### Records shown
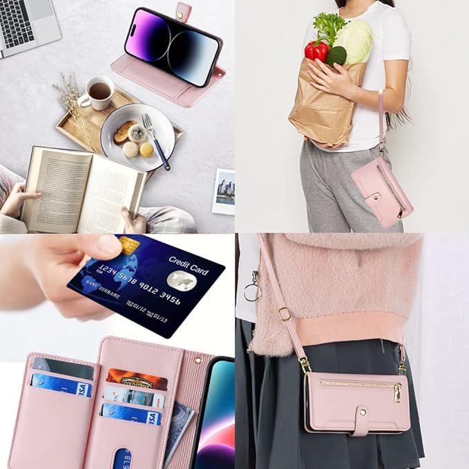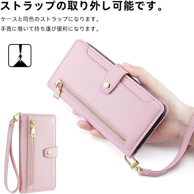 For Google Pixel 9 ケース 手帳型 Google Pixel 9 カバー【COKOVI】グーグル ピクセル 9 スマホケース スタンド機能 財布型 カードホルダー付き 耐衝撃 高級PUレザー 御洒落 女性 可愛い おしゃれ サイドマグネット ショルダーストラップ 肩掛け 首掛け付き チャックポケット付き (ピンク)
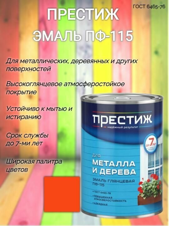 Эмаль ПФ-115 для металла и дерева Престиж, алкидная, глянцевая, 0,9 кг, оранжевая, 1шт, металлическая банка
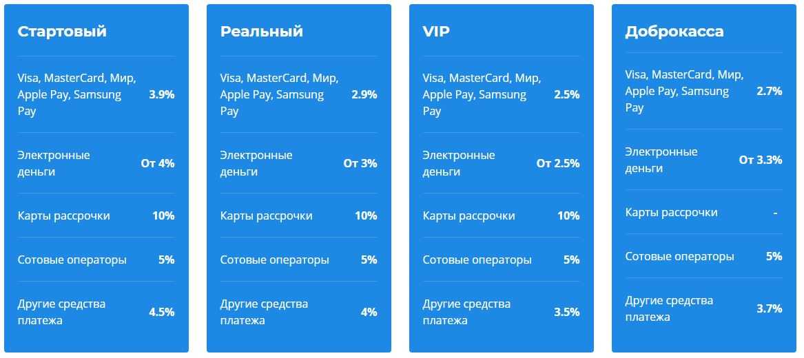 Сервис берёт комиссию только за успешно проведённые транзакции. В бизнес-аккаунте клиент платит от 3% за платежи по банковской карте и через электронный кошелёк. За платежи по СБП и через мобильного оператора комиссия составляет 4%.
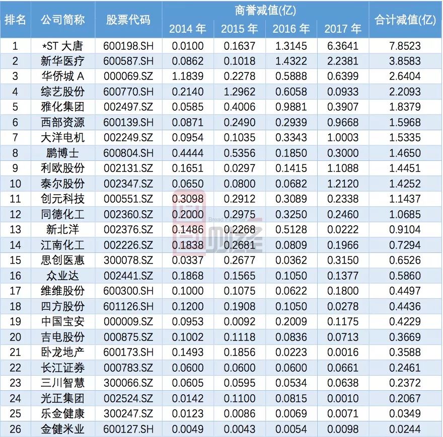 更有26家公司2014至2017年,連續(xù)四年商譽減值,名單如下:
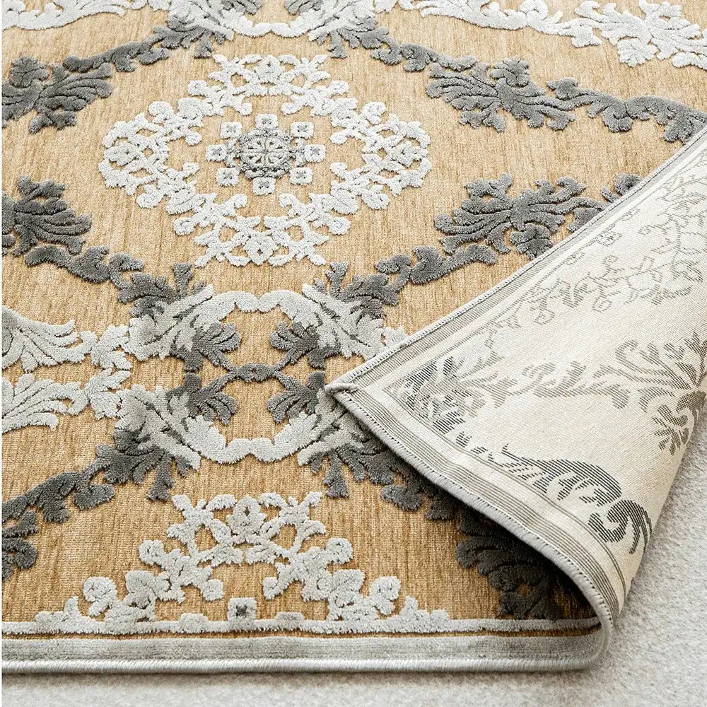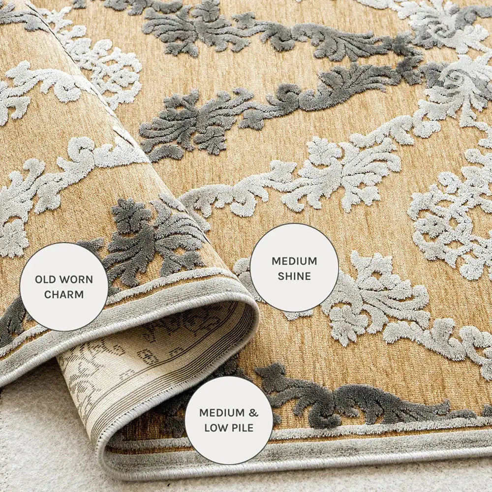 Design: The beige carpet is adorned with an ornate raised leaf and teardrop pattern in grey and gold and has a chic narrow border. It’s made from a polyester and viscose mix for a semi-shiny texture that catches the light beautifully.
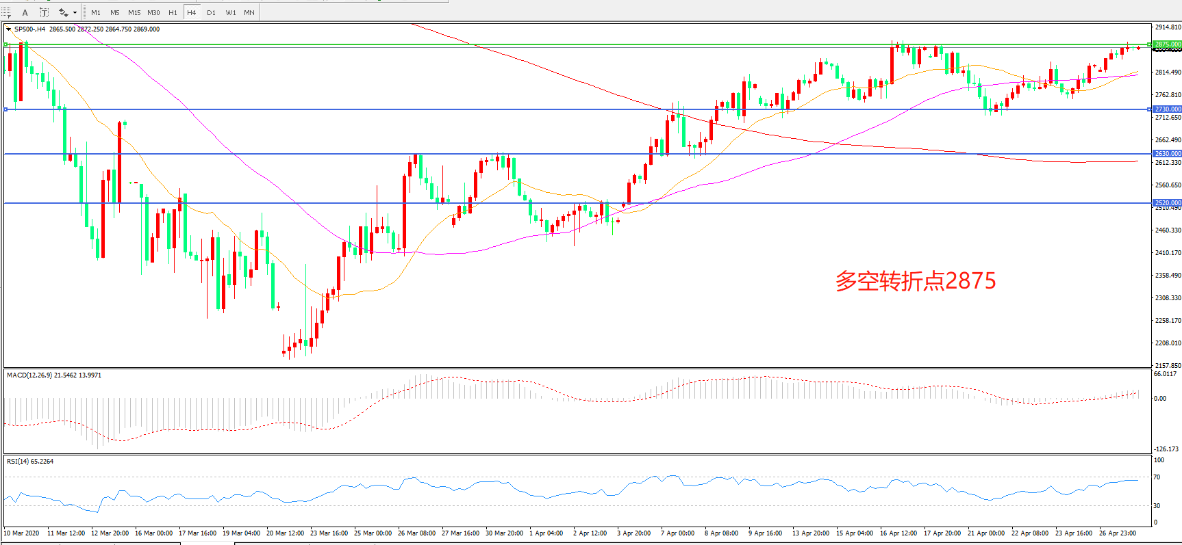 周一(4月27日),美国重启经济预期及全球央行撒钱计划提振市场情绪,标普全线收涨,报2865.75点。领涨标普500指数,而昨日的涨幅也令标普500指数创下了自1987年以来的最大单月涨幅。
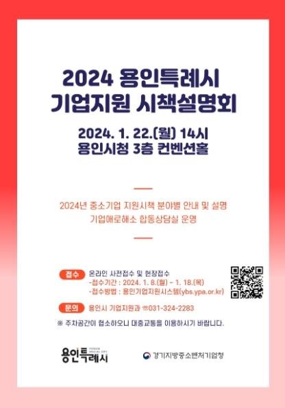 용인특례시는 금융?수출?연구개발 등 다양한 기업지원 정책 정보를 소개하는 ‘2024년 중소기업 지원시책 합동 설명회’를 22일 시청 컨벤션홀에서 연다고 12일 밝혔다.
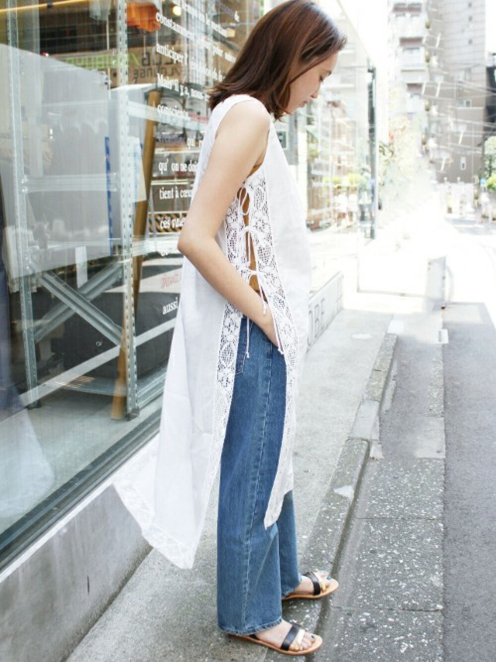 サイドラインに刺繍レースを施しているワンピース。 透け感があるのでレイヤードスタイルを楽しんでいただく仕様になっています。
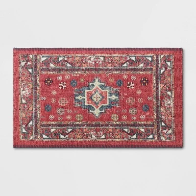 Add old-world artistry to your home with the Vintage Persian Printed Rug from Threshold™. This rug provides an effortless way to enhance the look of your empty floors while adding comfort and character to any room. Inspired by traditional Persian design, this woven rug sports a faded medallion motif at the center with floral accents, framed by a matching border to give this rug a sophisticated design. Easy to clean, this flat-pile rug is ideal for use in a variety of areas within your home, and it has a latex backing to help keep the rug in place.
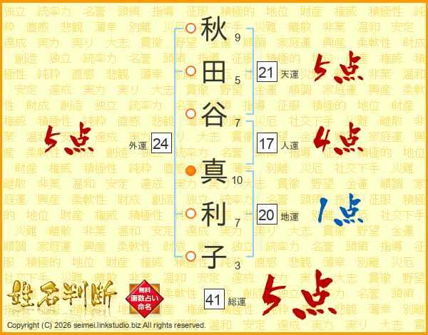 秋(9画)田(5画)谷(7画) 真(10画)利(7画)子(3画)
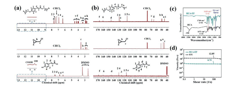 | Fig. 1. (a) 1H NMR and (b) 13C NMR spectra of HCA, ECH and HCA-EP. (c) FTIR spectra of HCA and HCA-EP. (d) Viscosity of HCA-EP and E51 determined from 0.1 s−1 to 500 s−1 at 25 ℃. | |
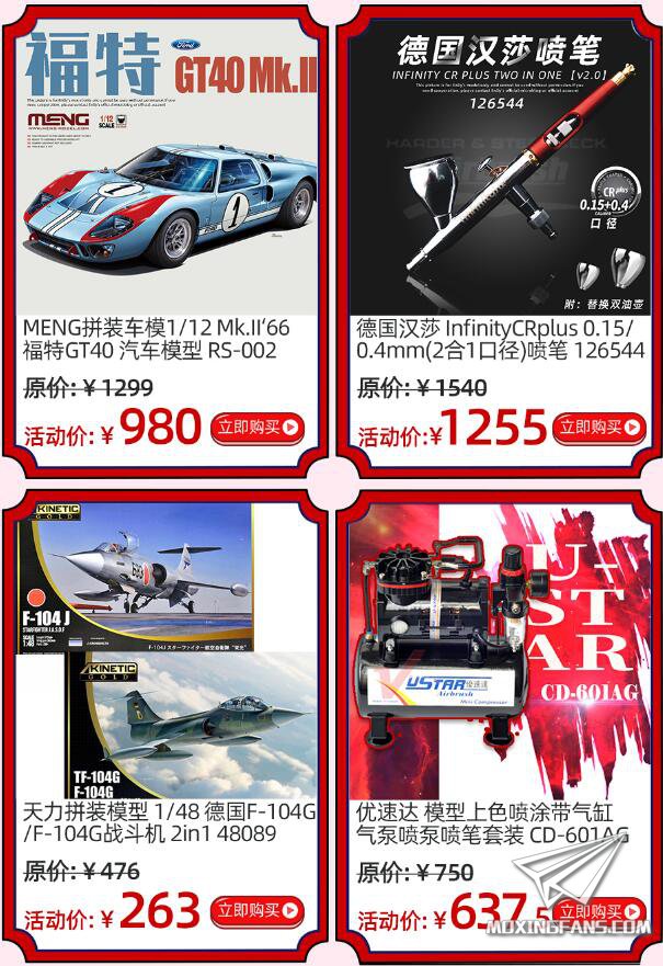 2,英利模型:传送门 天力1/48 日本&德国 F-104J&F-104G / InfinityCRplus 0.15/0.4mm喷笔 天力的F-104系列是2019年新开模的套件,是天力当时的重量级产品,采用最新的考证资料开模,钉线锐利,配有蚀刻片和C社水贴,被天力划归为“金牌套件”系列寄予厚望。然而200+那过于高昂的售价却极大的限制了销量,再加上市面上大量100出头的长谷川F-104的打压,让这个系列成为叫好不叫座的代表。对于F-104这种满身铆钉亮光闪闪的飞机小编一直都是没有抵抗力的,这次双机套装满减后仅售263,相当于原价的5.5折,实在没有不掏钱的理由。 汉莎的Infinity系列喷笔一直都是居于模型喷笔行业顶端的存在,凭借华丽的外观设计和优秀的喷涂性能一直都让人欲罢不能,拿在手上就宛如一件工艺品的存在,不得不赞叹德国人的工业设计能力。作为汉莎喷笔家族王冠上的宝石,这次英利的InfinityCRplus 0.15/0.4mm二合一喷笔满减后仅售1255元,也是相当有吸引力了。要知道这支喷笔附带0.15和0.4两套喷针和喷嘴,可以替换使用,相当于一支喷笔的价格买2只不同口径的喷笔,性价比还是非常出色的。
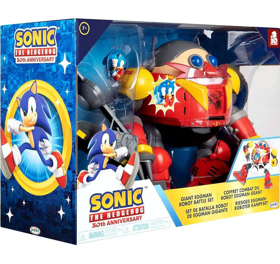 The Giant Eggman Robot Battle Set is sure to be a hit with kids and Sonic fans! You can recreate the action from the games with this extraordinarily detailed battle set and its playable features. Including a Spin Attack Sonic figure and catapult, where you can drop Sonic in and launch him at the Giant Eggman Robot. The Giant Eggman Robot features a rotating damage progression chest plate, a jetpack with sliding booster flames, launchable hand missiles and articulated limbs. Build your Giant Eggman Robot Battle Set into a Sonic world by adding more Sonic friends, playsets and accessories (each sold separately).
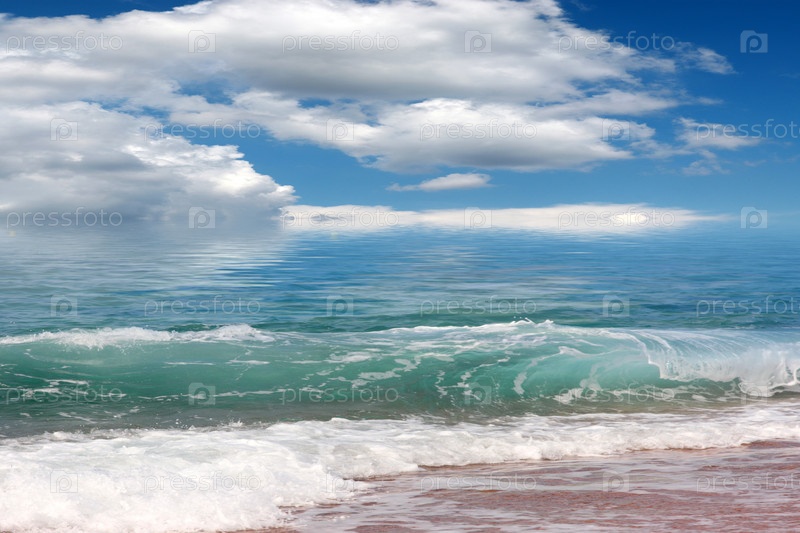 Облака в небе, ярко освещенные солнцем и спокойная гладь океана
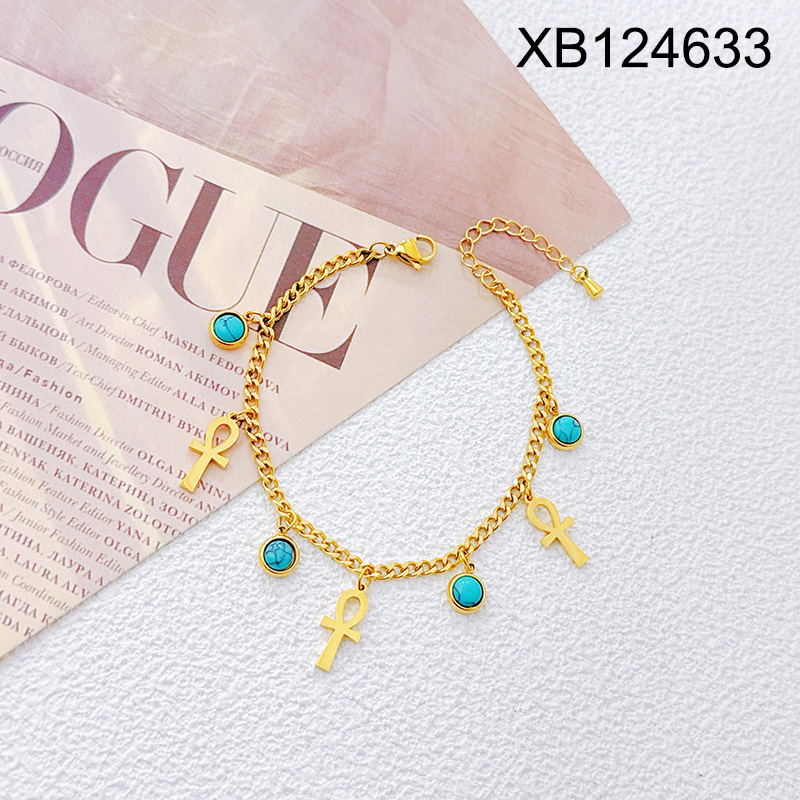 Level B Stainless Steel New Trendy Women Jewelry Egyptian Cross Golden Bracelet

### Work instructions
Up in the listing, locate the line with "용인특례시는 금융?수출?연구개발 등"; print it and every line after it down to the line with "2,英利模型:传送门 天力1/48 日本&德国", which is included too. Skip the pictures.

### Your response
 용인특례시는 금융?수출?연구개발 등 다양한 기업지원 정책 정보를 소개하는 ‘2024년 중소기업 지원시책 합동 설명회’를 22일 시청 컨벤션홀에서 연다고 12일 밝혔다.
 サイドラインに刺繍レースを施しているワンピース。 透け感があるのでレイヤードスタイルを楽しんでいただく仕様になっています。
 Add old-world artistry to your home with the Vintage Persian Printed Rug from Threshold™. This rug provides an effortless way to enhance the look of your empty floors while adding comfort and character to any room. Inspired by traditional Persian design, this woven rug sports a faded medallion motif at the center with floral accents, framed by a matching border to give this rug a sophisticated design. Easy to clean, this flat-pile rug is ideal for use in a variety of areas within your home, and it has a latex backing to help keep the rug in place.
 秋(9画)田(5画)谷(7画) 真(10画)利(7画)子(3画)
 | Fig. 1. (a) 1H NMR and (b) 13C NMR spectra of HCA, ECH and HCA-EP. (c) FTIR spectra of HCA and HCA-EP. (d) Viscosity of HCA-EP and E51 determined from 0.1 s−1 to 500 s−1 at 25 ℃. | |
 2,英利模型:传送门 天力1/48 日本&德国 F-104J&F-104G / InfinityCRplus 0.15/0.4mm喷笔 天力的F-104系列是2019年新开模的套件,是天力当时的重量级产品,采用最新的考证资料开模,钉线锐利,配有蚀刻片和C社水贴,被天力划归为“金牌套件”系列寄予厚望。然而200+那过于高昂的售价却极大的限制了销量,再加上市面上大量100出头的长谷川F-104的打压,让这个系列成为叫好不叫座的代表。对于F-104这种满身铆钉亮光闪闪的飞机小编一直都是没有抵抗力的,这次双机套装满减后仅售263,相当于原价的5.5折,实在没有不掏钱的理由。 汉莎的Infinity系列喷笔一直都是居于模型喷笔行业顶端的存在,凭借华丽的外观设计和优秀的喷涂性能一直都让人欲罢不能,拿在手上就宛如一件工艺品的存在,不得不赞叹德国人的工业设计能力。作为汉莎喷笔家族王冠上的宝石,这次英利的InfinityCRplus 0.15/0.4mm二合一喷笔满减后仅售1255元,也是相当有吸引力了。要知道这支喷笔附带0.15和0.4两套喷针和喷嘴,可以替换使用,相当于一支喷笔的价格买2只不同口径的喷笔,性价比还是非常出色的。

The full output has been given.